#### Your goal
Pictures should be left out while the data beneath this task is written out word for word.

#### Available data

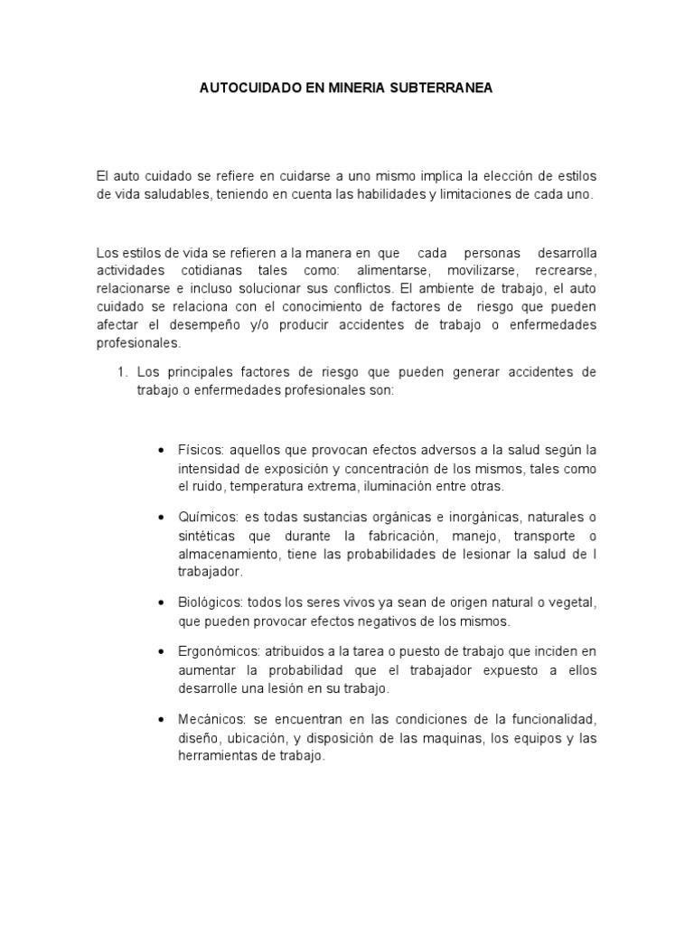 AUTOCUIDADO EN MINERIA SUBTERRANEA
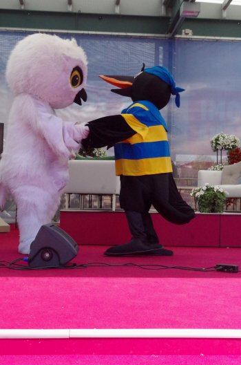 ![]() Lopuksi MTV-Pöllö ja Kirjuriluodon Fiksu-Varis innostuivat tanssimaan |
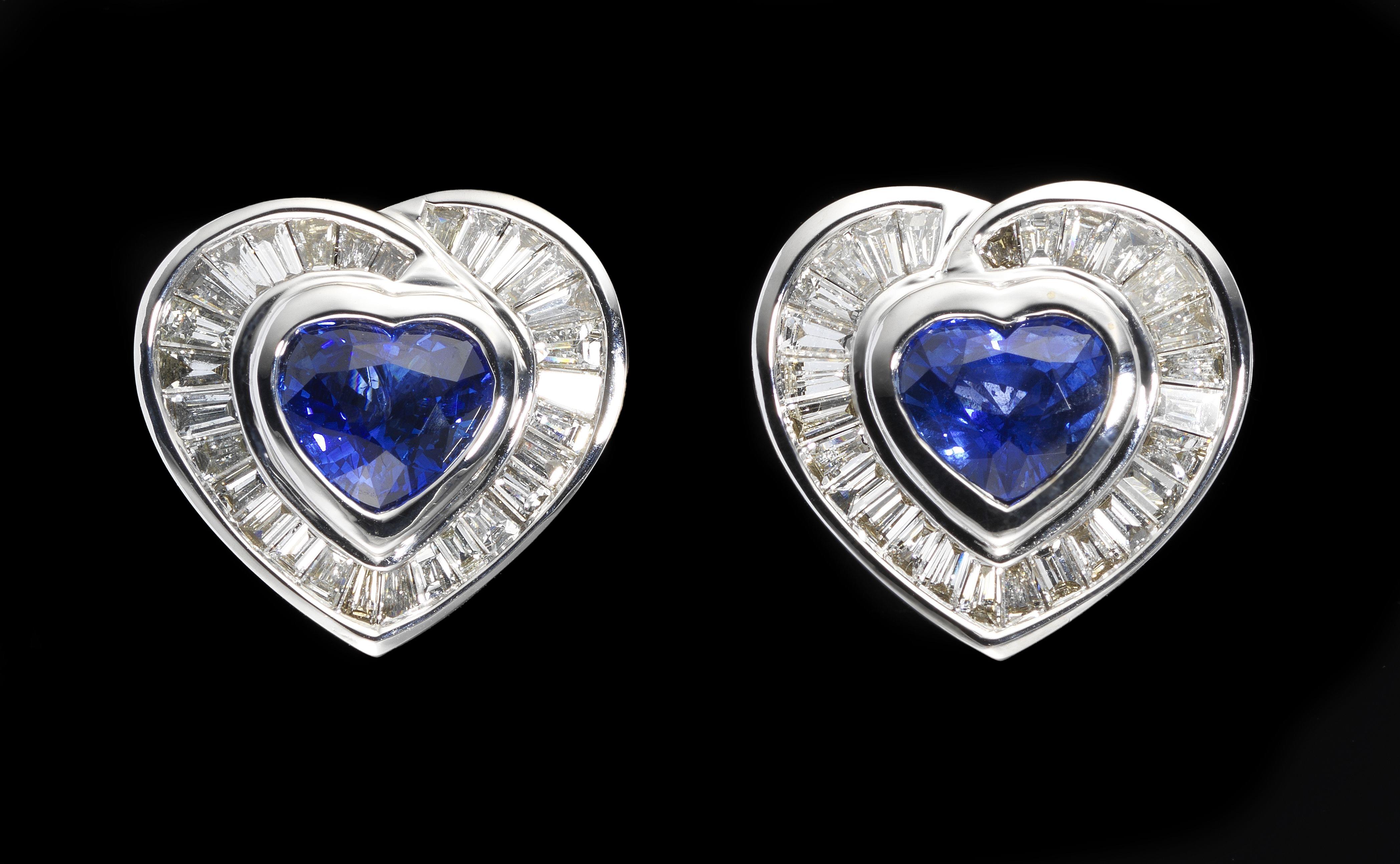 172. Boucles d'oreilles à motif de cœurs centrés de saphirs taille cœur (total env. 4,5 ct) et entourés de diamants taille baguette (total env.

#### Answer for this exercise
 AUTOCUIDADO EN MINERIA SUBTERRANEA
 ![]() Lopuksi MTV-Pöllö ja Kirjuriluodon Fiksu-Varis innostuivat tanssimaan |
 172. Boucles d'oreilles à motif de cœurs centrés de saphirs taille cœur (total env. 4,5 ct) et entourés de diamants taille baguette (total env.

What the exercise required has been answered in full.